◆ THE TASK: In the listing below, the lines starting at the line with "Référence : 71" and ending at the line with "Handcrafted gold pin" are to be output verbatim. Images stay out of the copy.

◆ PROVIDED INFORMATION:
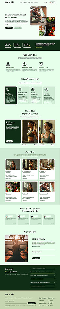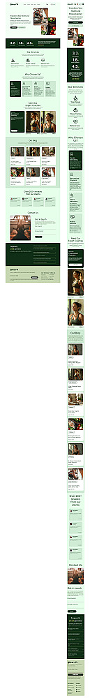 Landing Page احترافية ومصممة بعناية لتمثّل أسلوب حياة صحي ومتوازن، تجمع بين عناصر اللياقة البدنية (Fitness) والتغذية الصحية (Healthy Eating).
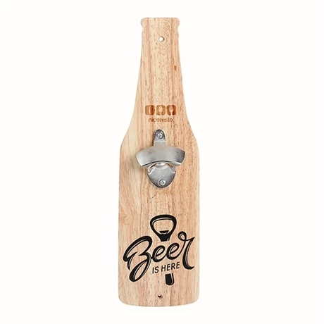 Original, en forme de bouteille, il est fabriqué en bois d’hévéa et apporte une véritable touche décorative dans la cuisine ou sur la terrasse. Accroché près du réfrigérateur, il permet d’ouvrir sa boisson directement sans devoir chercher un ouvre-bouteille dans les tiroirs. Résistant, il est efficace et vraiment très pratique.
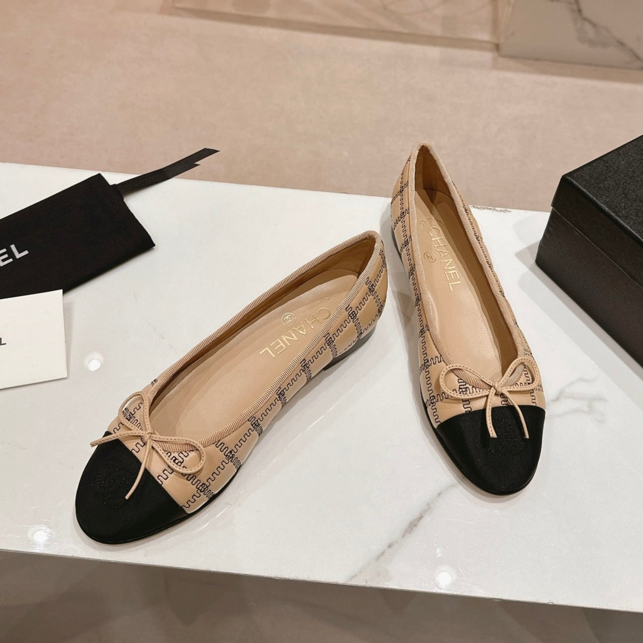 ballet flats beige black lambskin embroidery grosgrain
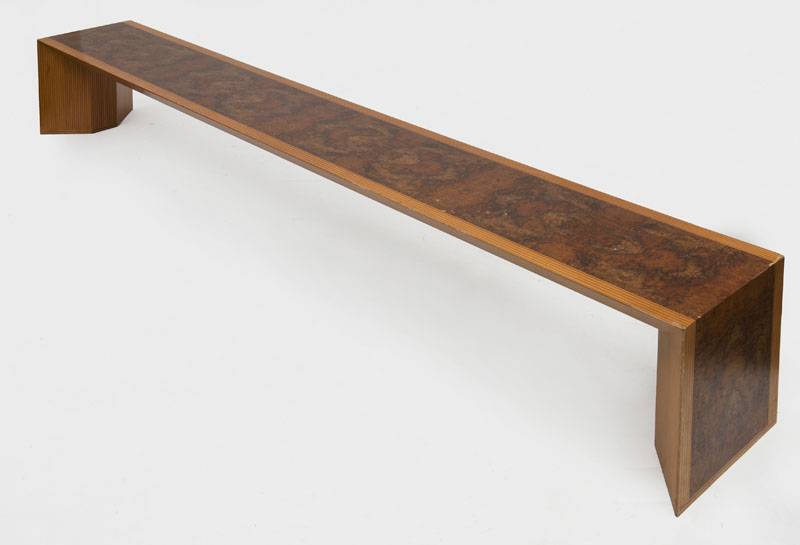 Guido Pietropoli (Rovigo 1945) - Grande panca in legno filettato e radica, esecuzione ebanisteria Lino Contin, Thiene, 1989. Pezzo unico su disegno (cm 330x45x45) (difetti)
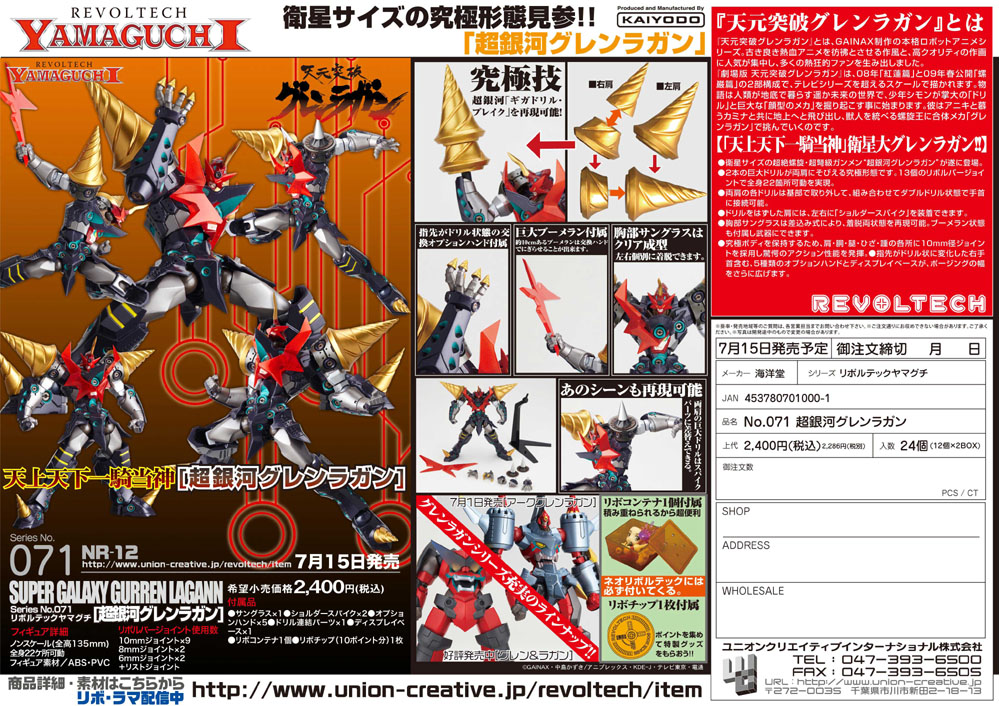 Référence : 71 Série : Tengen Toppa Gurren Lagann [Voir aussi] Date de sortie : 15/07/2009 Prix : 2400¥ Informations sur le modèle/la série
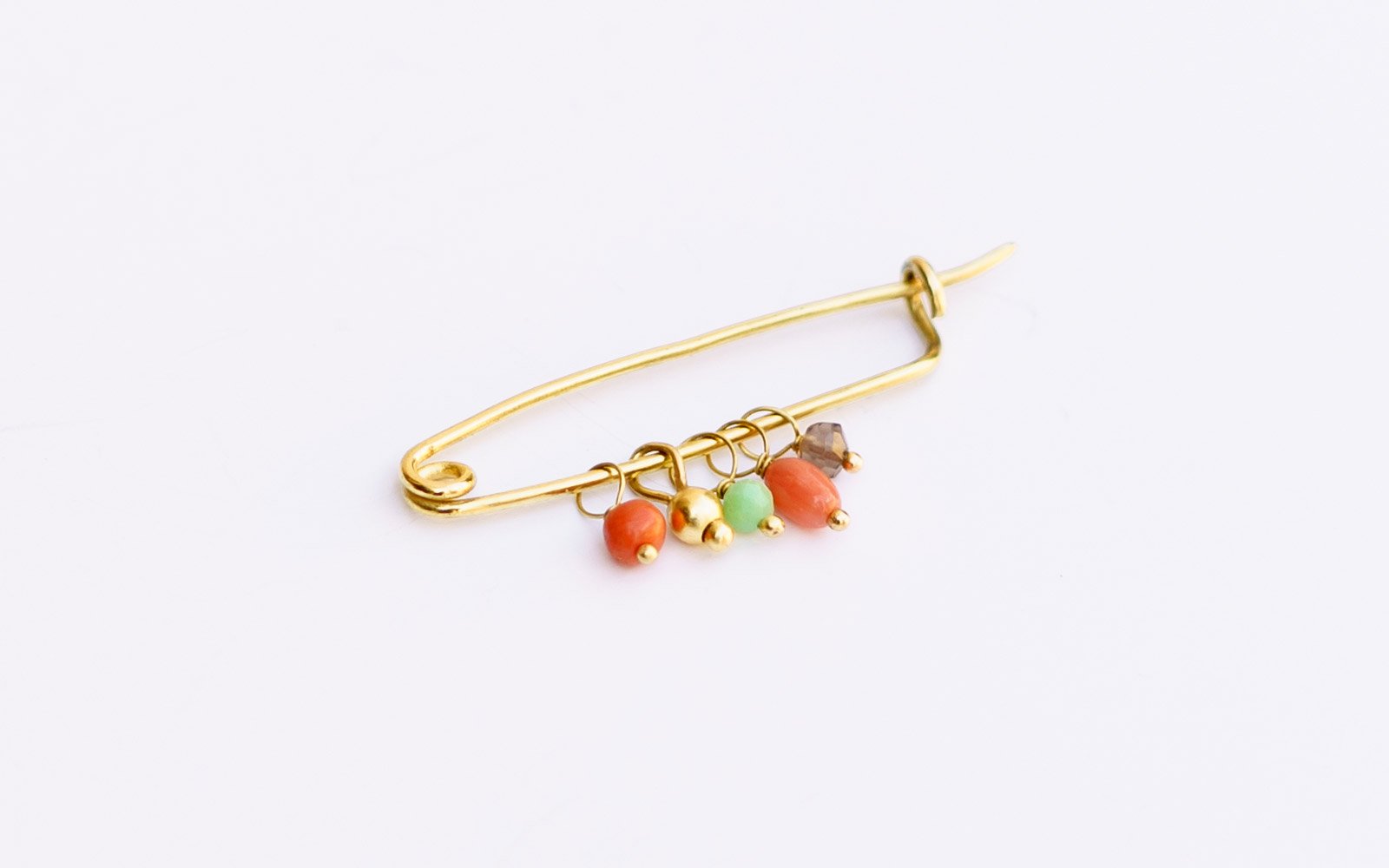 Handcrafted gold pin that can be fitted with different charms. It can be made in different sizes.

---

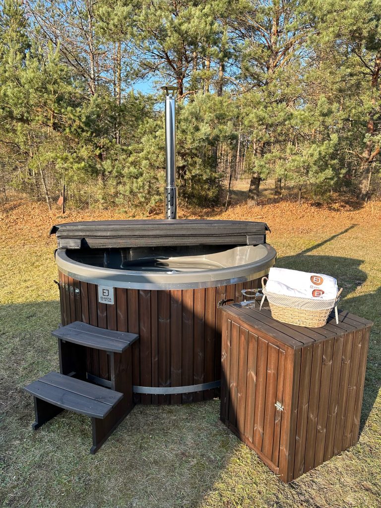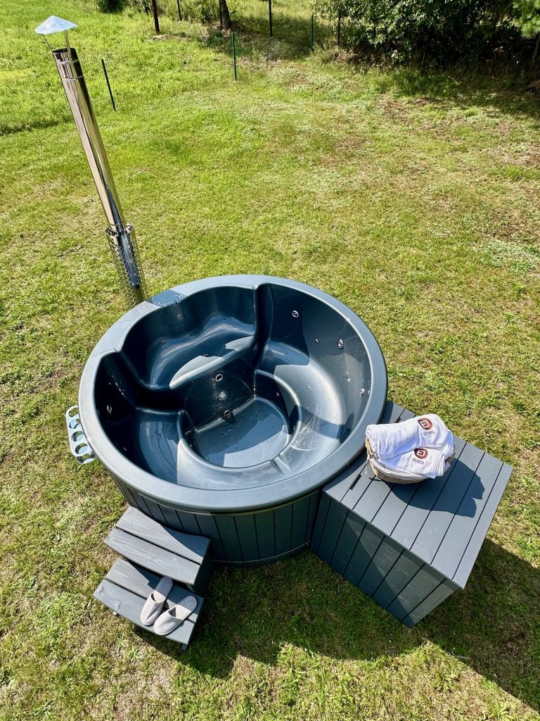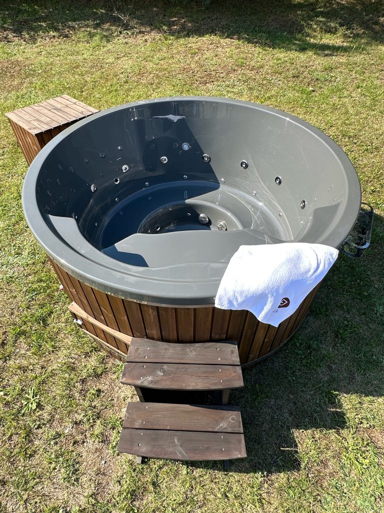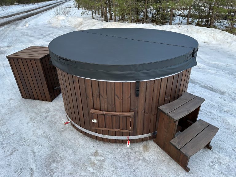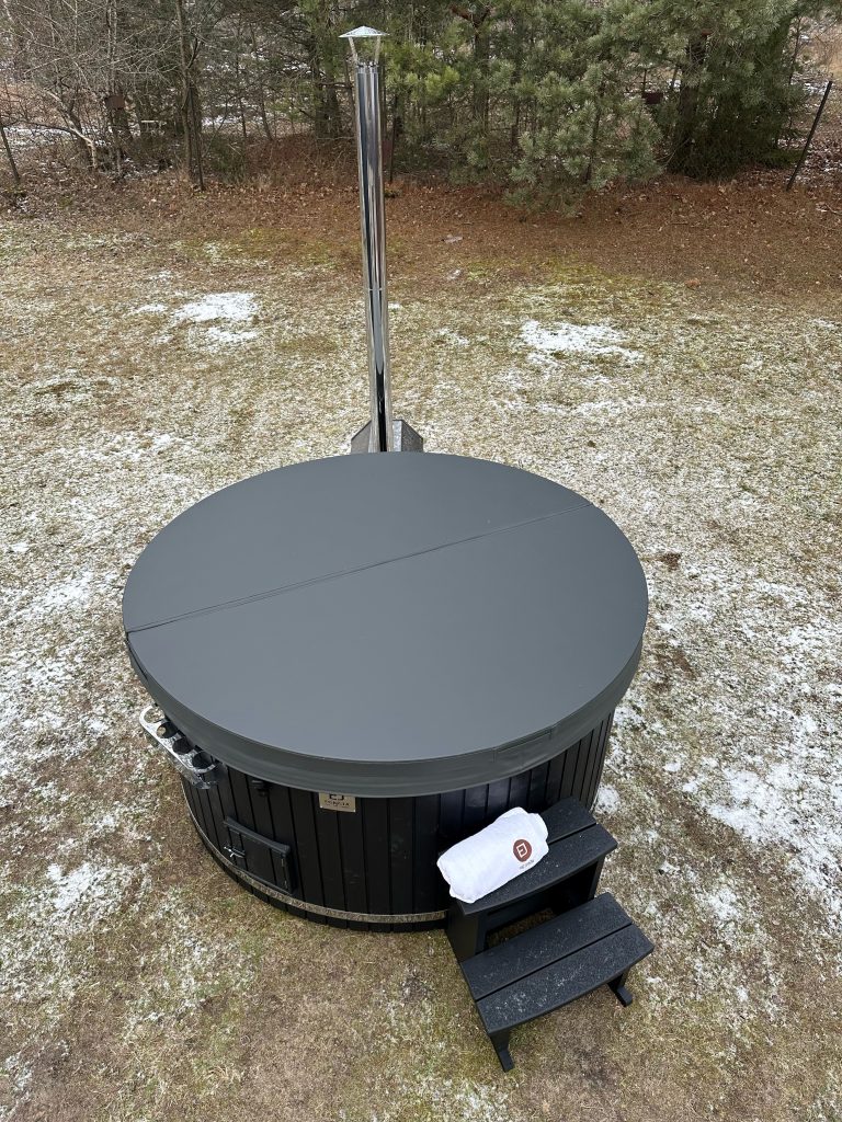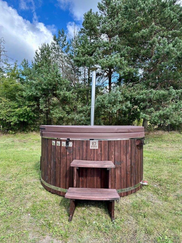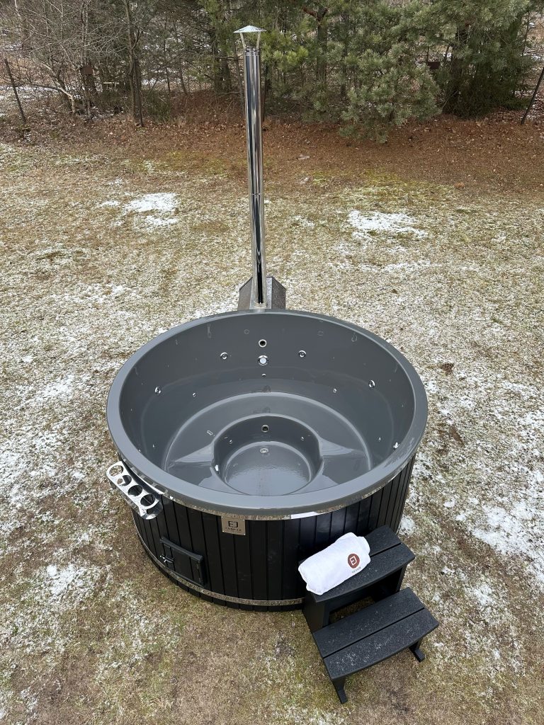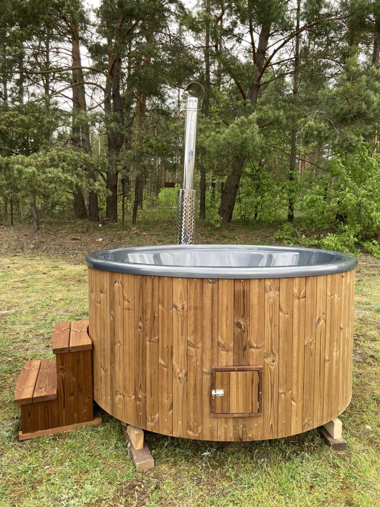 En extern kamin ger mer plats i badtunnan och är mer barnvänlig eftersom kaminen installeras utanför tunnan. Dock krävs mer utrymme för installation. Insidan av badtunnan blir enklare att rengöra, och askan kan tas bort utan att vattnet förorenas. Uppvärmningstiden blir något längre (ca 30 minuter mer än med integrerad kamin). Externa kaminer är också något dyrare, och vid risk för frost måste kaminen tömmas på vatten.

◆ WRITTEN SOLUTION:
 Référence : 71 Série : Tengen Toppa Gurren Lagann [Voir aussi] Date de sortie : 15/07/2009 Prix : 2400¥ Informations sur le modèle/la série
 Handcrafted gold pin that can be fitted with different charms. It can be made in different sizes.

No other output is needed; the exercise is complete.